シッショが命をかけてもクビワを守ろうとするのがわかる。こんな清らかで純粋な宝石が自分を慕ってくるのだ。どんな困難でも打ち勝てる勇気を与えてくれるだろう。

ただ,アルジは自分の考えを確かめるため,クビワにどうしても聞かなければならなかった。

「クビワ」「ん?なんだ?」「前に,クビワの仲間が森にいるって言ったよね」

わずか一言で,あれほど輝いていたクビワの瞳から光が消える。「…いった」


「それって,黒いタコみたいなやつ?」


…!

クビワはアルジの服をぎゅっと掴む。そうか。やはりそうだったのか。アルジはその真実に大きく息をはく。

クビワを育てたのは,おそらくアルジが虚凧ディディンナと呼んでいたものだったのだ。アルジたちはクビワの仲間と知らず,というよりはアルジが縄張りに入ってしまったからしょうがないのだが,仲間を何匹,もしくは何人か,殺めてしまった。

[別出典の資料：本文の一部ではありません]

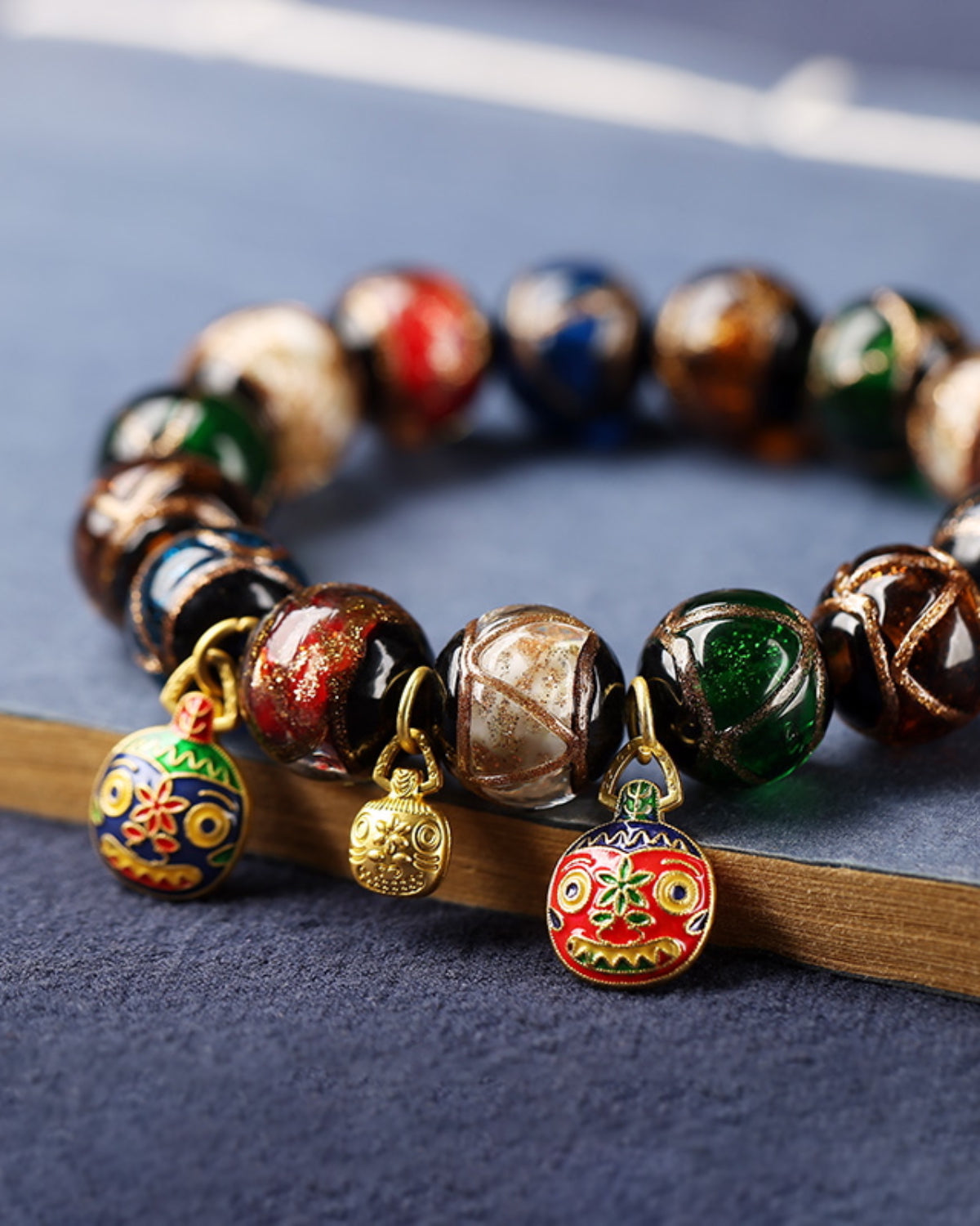 Glass Beads Charm – Five Gods of Wealth Totem with Red Cord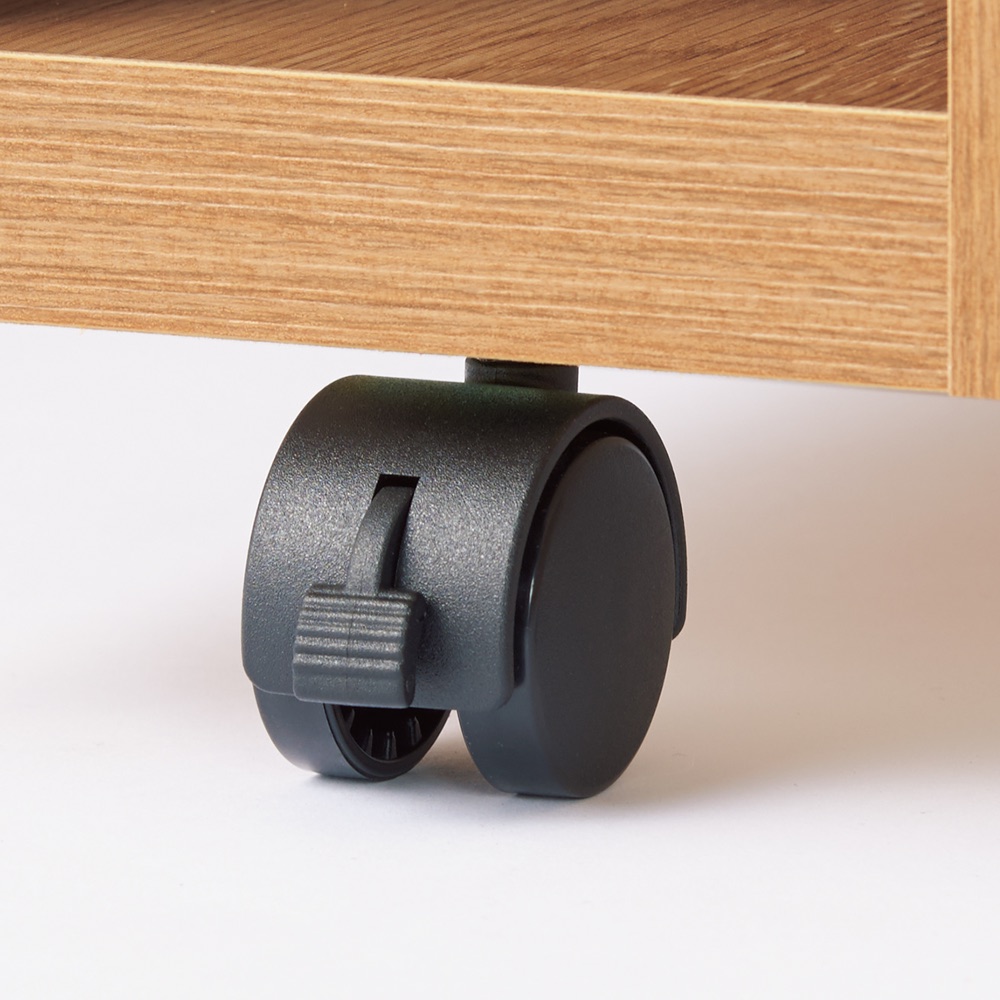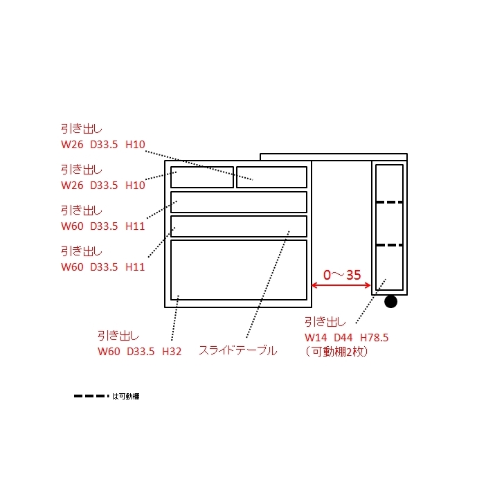 天板の脚部はキャスター付きで左右どちらにでもスライド移動が可能です。キャスターは2つともストッパー付きで、天板が動きにくく安心です。※天板は本体に35cm以上重ねてお使いください。 ※赤文字は内寸(単位:cm)家電収納部奥行=39

幼いクビワを,母はその長い触腕でゆりかごしていたのだろう。クビワの類いまれな運動神経を育んだのは,きっと仲間や兄たちだ。血の嵐でクビワは仲間とはぐれたのだろうが,森でわずかに生きのびる者がいた。種族の異なるクビワを育てるだけの高い知能を持ち,血の嵐を生きぬくだけのしたたかさを持つ,森の住人。それとアルジたちは敵対してしまったのだ。

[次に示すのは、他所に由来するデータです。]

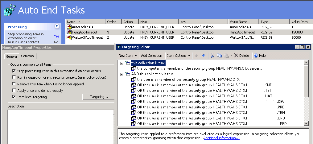 And now these registry keys have been migrated to WEM. It would be nice to “Group” these keys like you can do for a collection in Group Policy Preferences. Without the ability to do so the name of the action becomes really important as it”s the only way you can filter: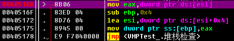 - 虚拟机的堆栈: 这个和物理机是一样的,直接在内存开辟就好。VMP还是用EBP指向栈顶
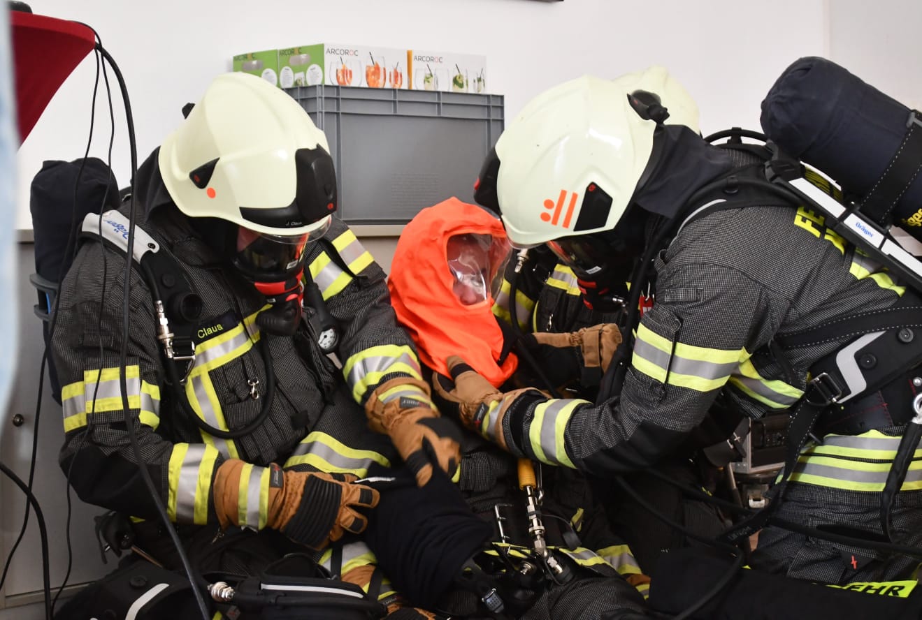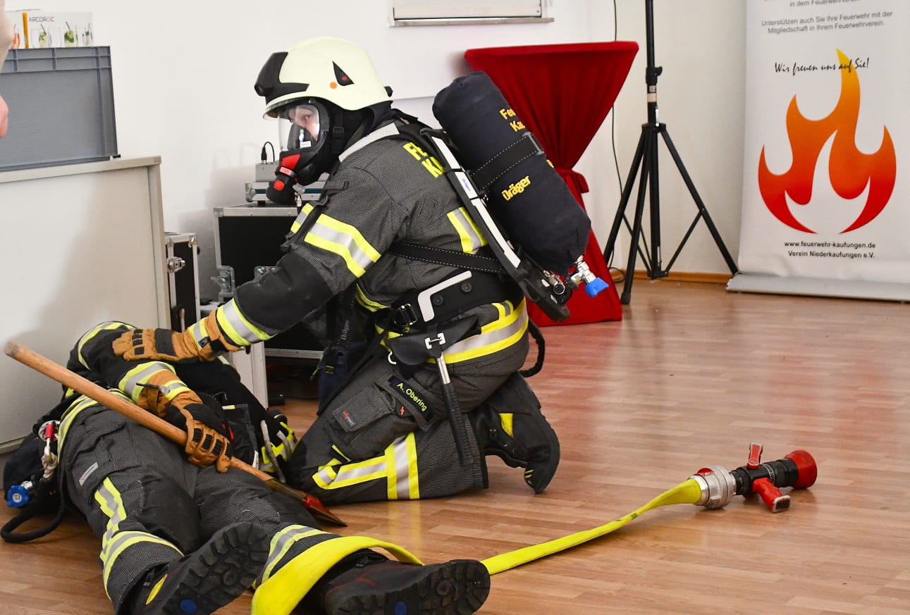 Zu einer Feuerwehrveranstaltung gehört selbstverständlich eine Präsentation der aktiven Abteilung. Dargestellt wurde die Versorgung und Bergung einer unter Atemschutz tätigen Einsatzkraft nach einem medizinischen Notfall. Hier müssen die Einsatzkräfte selbsttätig handeln, um ihren/ihre Kameraden/Kameradin aus der Gefahrenzone zu bringen und dem Rettungsdienst zu übergeben.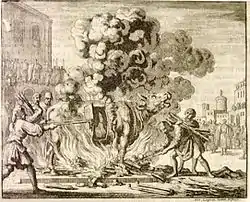 This square was possibly part of Constantine the Great's original city plan design;[1] like the other fora of Constantinople, it was certainly built sometime in the 4th century.[1] The name of the square originated from a large, hollow bronze statue representing the head of an ox.[1][2] The statue, brought to Constantinople from Pergamum in Asia Minor, was used both as a furnace and a device implementing the brazen bull torture: people were closed inside the ox, which then was heated until they suffocated and burned.[1][2] During the first persecution of Christians in Asia Minor under Emperor Domitian (r. 81–96) the Ox, still in Pergamum, was used to execute Saint Antipas.[2] According to the Patrologia Latina, in the reign of Julian the Apostate (r. 361–363) many Christians were burned inside the Bull, at that time already moved to Constantinople.[3] In 562 the Forum, at that time surrounded by warehouses and workshops, burned down.[1] The body of the usurper Phocas (r. 602–610) was also incinerated in the ox's head following his deposition.[1][3] According to some sources,[3] Emperor Heraclius (r. 610–641) melted the statue to mint coins needed to pay his army for his war against the Persians. However, this is not certain since executions using the Ox continue to be attested after Heraclius's reign, for example, when Justinian II (r.685-695; 705–711) let burn in the Ox the two Patricians Theodoros and Stephanos, both involved in a failed plot against him.[3] The same Emperor enlarged and adorned the square.[4] During the Byzantine Iconoclasm, Saint Theodosia (d. 729) and Saint Andrew of Crete (d. 766), both defenders of icon veneration, were executed in the square.[3] The former was executed by having a ram's horn hammered through her neck.[5]

「クビワはその仲間とお話しできる?」その問いにしばらくしてクビワは首を横に振った。「コトバがちがう」

コトバ,とは群れごとに異なるしきたりや規則だろうか。もし森の虚凧たちがクビワと異なる群れの者ならば,交渉は難しいだろう。大穴は森の奥にある。なんとか遭遇せずに済ませたいのだが。

いや,それよりも,アルジはクビワとのわずかな会話から,もうひとつの確信を得た。それを伝えに行かなければならない。ただその前に,まずは落ち込むクビワにお礼をしなければ。

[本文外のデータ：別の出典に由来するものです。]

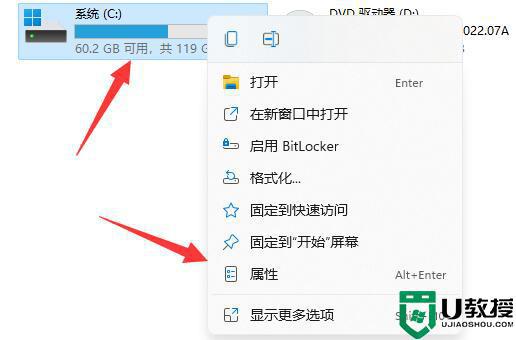 2、接着右键系统盘,打开“属性”。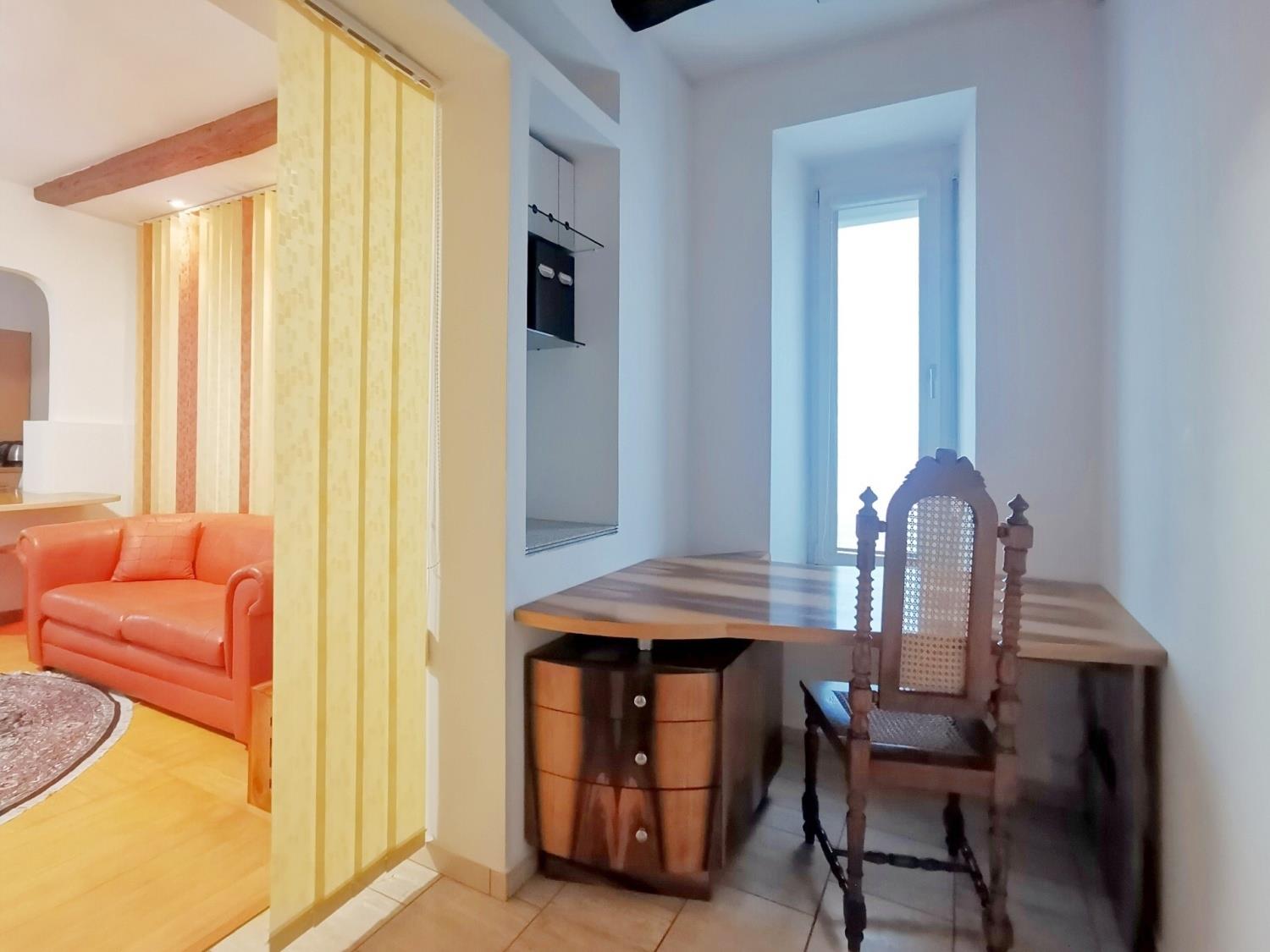 Byt má dvě ložnice, prostorný obývací pokoj propojený s kompletně zařízenou kuchyní, koupelnu a pracovní kout. Dispozice se samostatnými vstupy do všech místností poskytuje maximální komfort a soukromí.

「クビワ,ご飯は食べた?」「たべた」「じゃあ私と遊ぼうか」クビワはパッと顔を上げ,さっきまで見せていた笑顔に戻る。

「あそぶ!」

それからアルジはもはや大人とも呼べるほど大きくなったキバとツメを連れ,シッショの付き添いのもと,山を駆け,じゃれあって遊んだ。昔に戻ったように,時間も忘れ,日が暮れる頃にはアルジはヘトヘトだったが,クビワは本当に楽しそうだった。アルジも全身の細胞が喜んでいるような満足感をおぼえた。

そうして里に帰ると,仕事を放り出してどこへ行っていたのかと,ボッチとケライにきつく叱られた。